6 Things To Consider When Making Your Website Mobile Friendly

With more than 60 percent of all Google searches coming from a mobile device, there’s definitely plenty of incentive to make your website as mobile-friendly as possible. When you throw in the fact that 4 out of 5 consumers use a smartphone to make a purchase decision on a regular basis, it’s easy to see why a website that doesn’t work well on mobile devices may not produce a lot of conversions. Fortunately, there are steps you can take to make your website more appealing to on-the-go visitors.

  1. Choose Between a Responsive or Completely Separate Design

Before you do anything else, you’ll need to decide if you want to create a multipurpose, or responsive, website design or have a separate mobile site. There are pros and cons with each option. A responsive site usually means less code to maintain and you won’t have to worry about having redirects to take visitors to the right site.

If you have a layout that’s difficult to make multipurpose, however, you may want to consider having one site for desktop visitors and another one for mobile traffic. Doing so will also allow you to fully tailor your mobile site exclusively for use on a mobile device without having to make design compromises to accommodate desktop visitors. Just make it easy for a visitor to get to the preferred version of your website.

  1. Quick Loading Time

Attention spans are even shorter on mobile devices since users are often very efficient multitaskers. And if a page is taking longer than 3-5 seconds to load, they’re likely to move on to another website. Minimize your mobile loading time by scaling your images appropriately, enabling compression and browser caching, and putting your JavaScript below most of the content, or towards the bottom before your body tag closes.

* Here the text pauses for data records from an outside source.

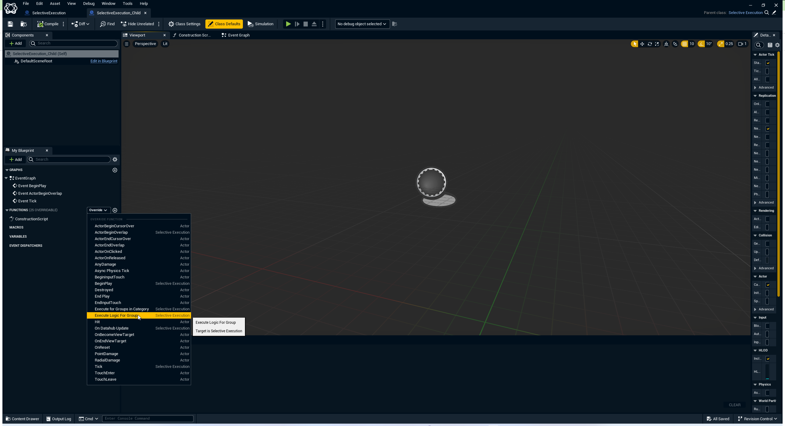 Open the child actor and override “Execute Logic for Group”.
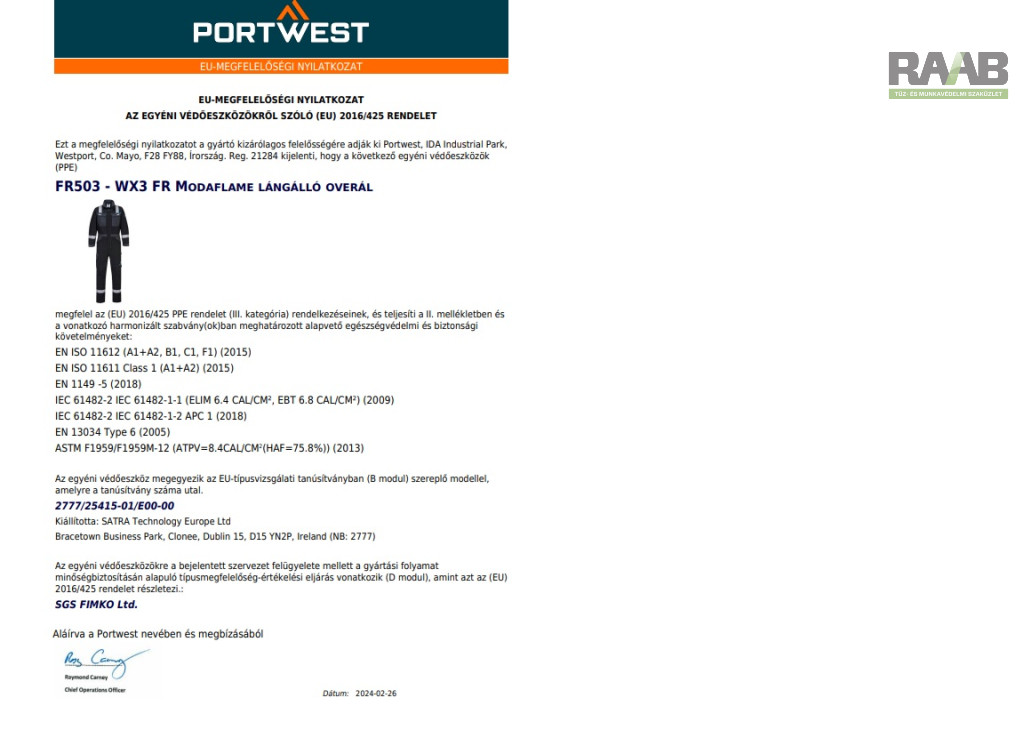EN ISO 11612 A1+A2, B1,C1,F1
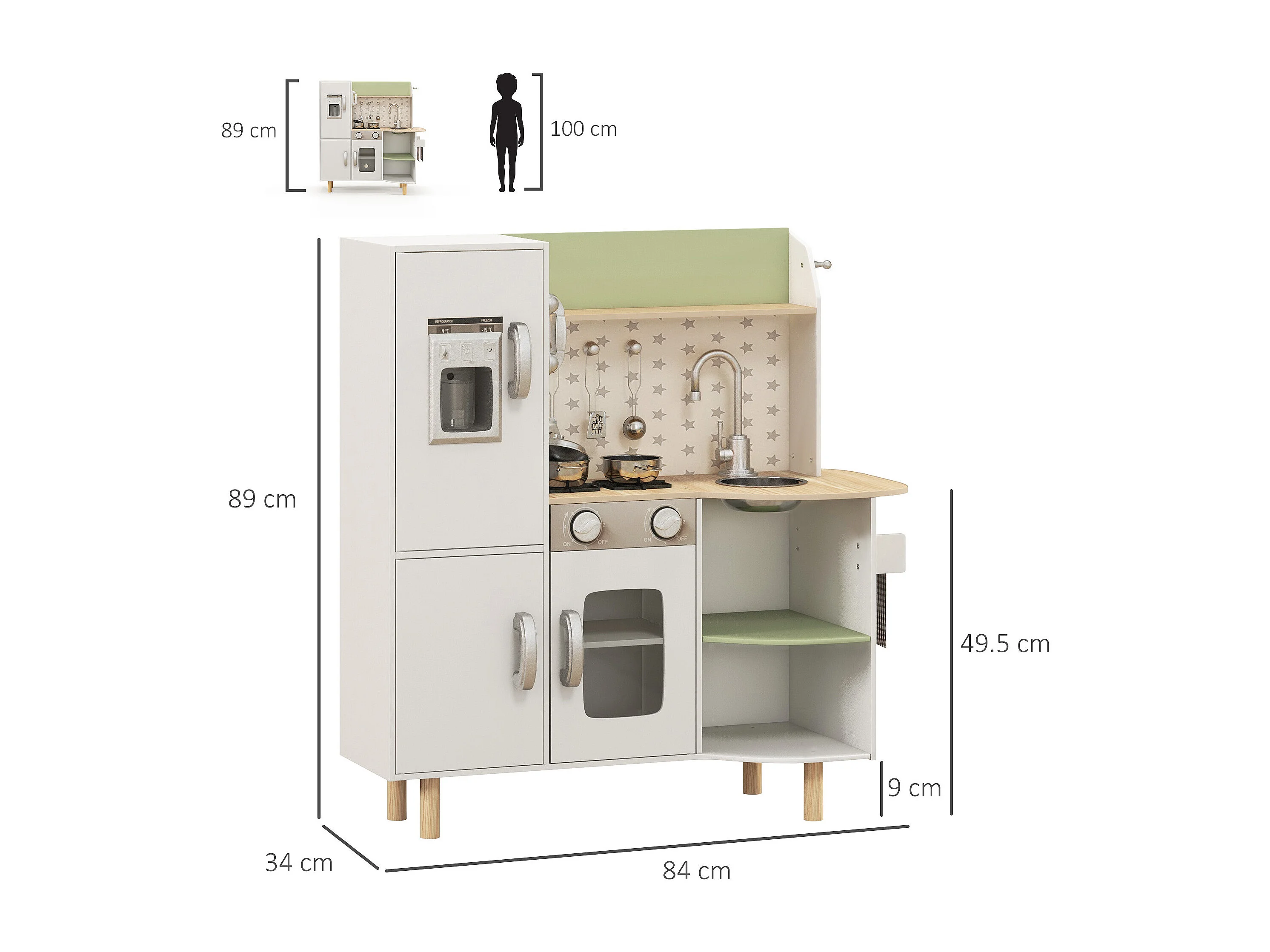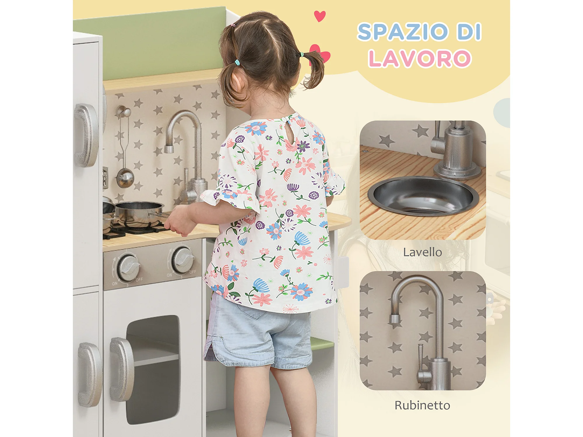 Cucina giocattolo in legno per bambini 3-6 anni design 2 pezzi
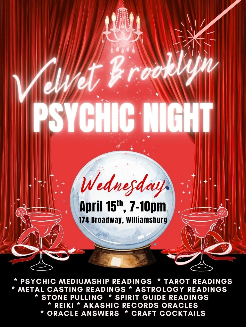 Wednesday 4/15 7-10pm - Psychic Night at Velvet Brooklyn
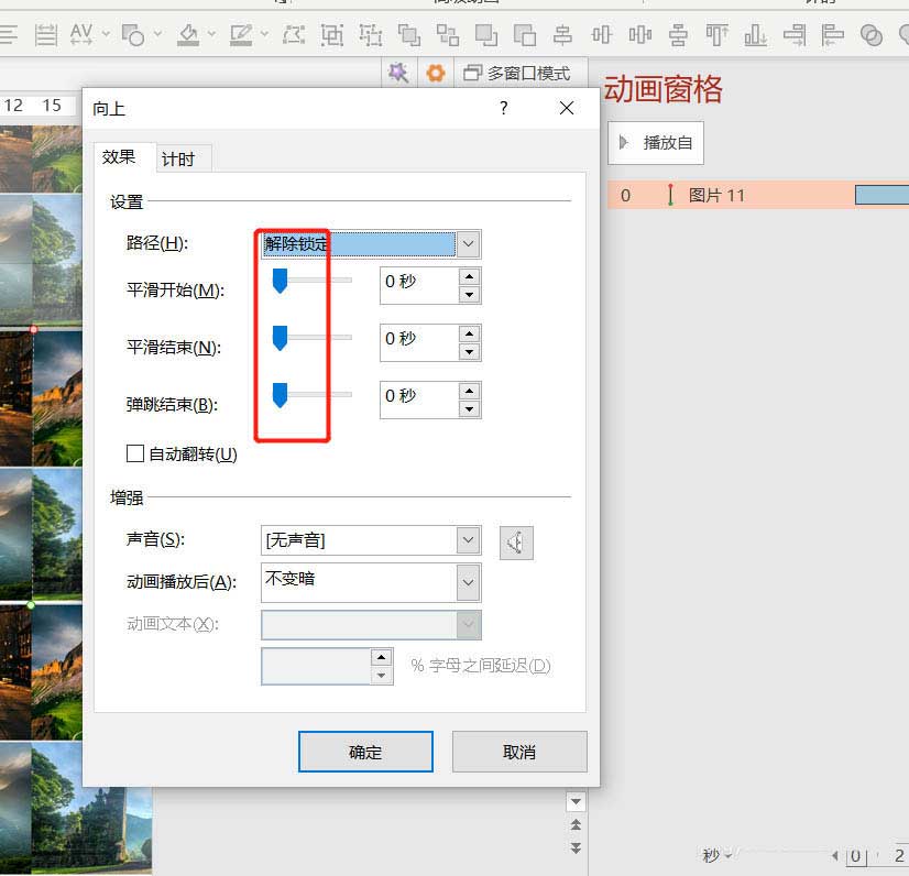 7、點擊動畫窗格-雙擊動畫-將平滑開始和結束設置為0.
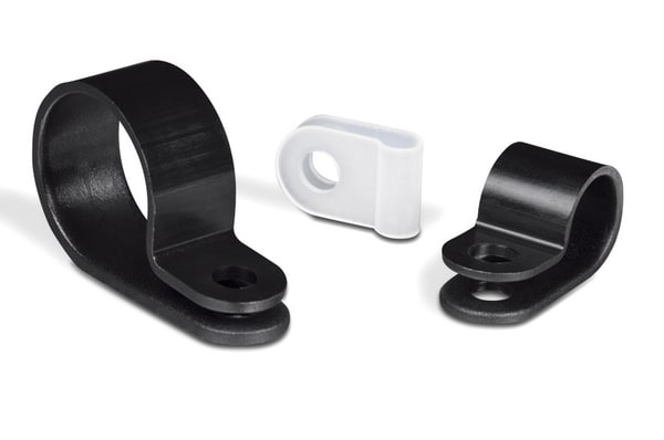P-Clip in poliammide. Buona resistenza alle alte temperature ed elevata resistenza meccanica. Sono diponibili in diverse misure per qualsiasi applicazione. Possono essere utilizzate senza fascette. Per fissaggi di cavi permanenti o semi-permanenti, questa gamma di P-Clip può essere utilizzata in molteplici settori. Il peso leggero la rende ideale all'utilizzo nel settore aeronautico e aerospaziale, dove è fondamentale minimizzare il peso e mantenere un fissaggio resistente.
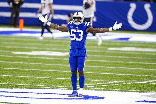 Indianapolis Colts outside linebacker Darius Leonard (53) celebrates after the defense recovered a fumble by the Houston Texans in the final minute of the second half of an NFL football game in Indianapolis, Sunday, Dec. 20, 2020. (AP Photo/Darron Cummings) The Associated Press
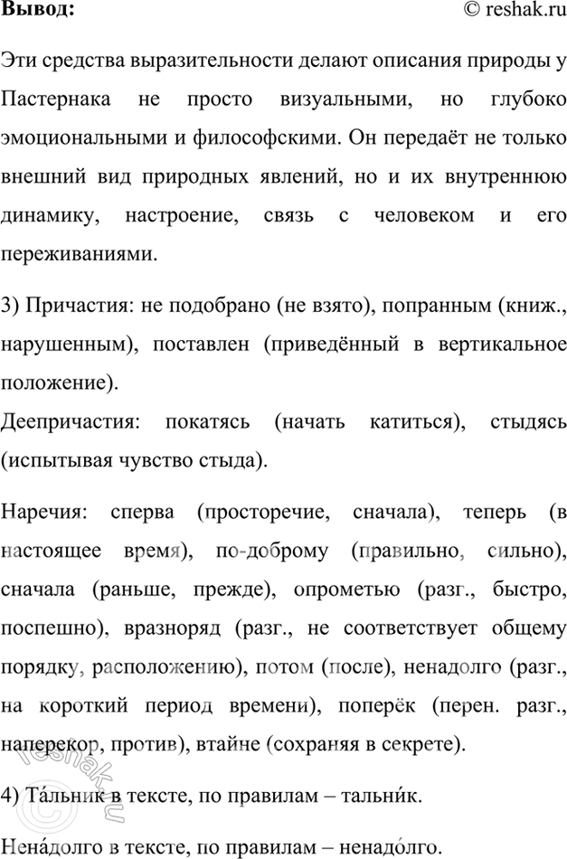3) Назовите все причастия, деепричастия и наречия, которые встретились вам в этих стихотворениях. Уточните их значение, произношение, стилистическую окраску по словарям.

  1. Design for the “Fat Finger”

Most smartphone screens are about five inches and tablet screens are roughly 9-13 inches. Help your mobile visitors avoid the frustration of tapping the wrong button on smaller screens with a website designed for “fat fingers.” In other words, leave plenty of space around important buttons, such as the ones people will need to hit to start the checkout process, complete a purchase, or place an order.

  1. Keep Content Consistent

If you’re converting a desktop site to a mobile one, avoid the temptation to snip and clip content here and there. Instead, streamline your content in a way where the message is still the same. Google now considers “hidden” or expandable text (click a link and additional text appears) when ranking a site, as long the content is actually relevant for users. And this is one way to minimize clutter on your mobile site without cutting content that needs to remain.

  1. Have a Prioritized ‘Tel Link’

With mobile devices, smartphones in particular, having a link with your phone number makes it easier to encourage conversions if your main goal is to get people to call. “Tel links” are also effective on mobile devices since most people don’t automatically look for the bottom of a page when scrolling or tapping on a mobile screen to find contact info with the phone number. It’s also way to avoid possible disruptions in the conversion process or frustration over having to start over again.

  1. Do Not Use Hover Links

The idea of attracting attention to your links by having them change color when the cursor is moved over them makes perfect sense on a desktop PC. Mobile visitors don’t use a mouse, so such links are just annoying. Instead, use less distracting ways to attract attention to your mobile links such as bold or underlined text.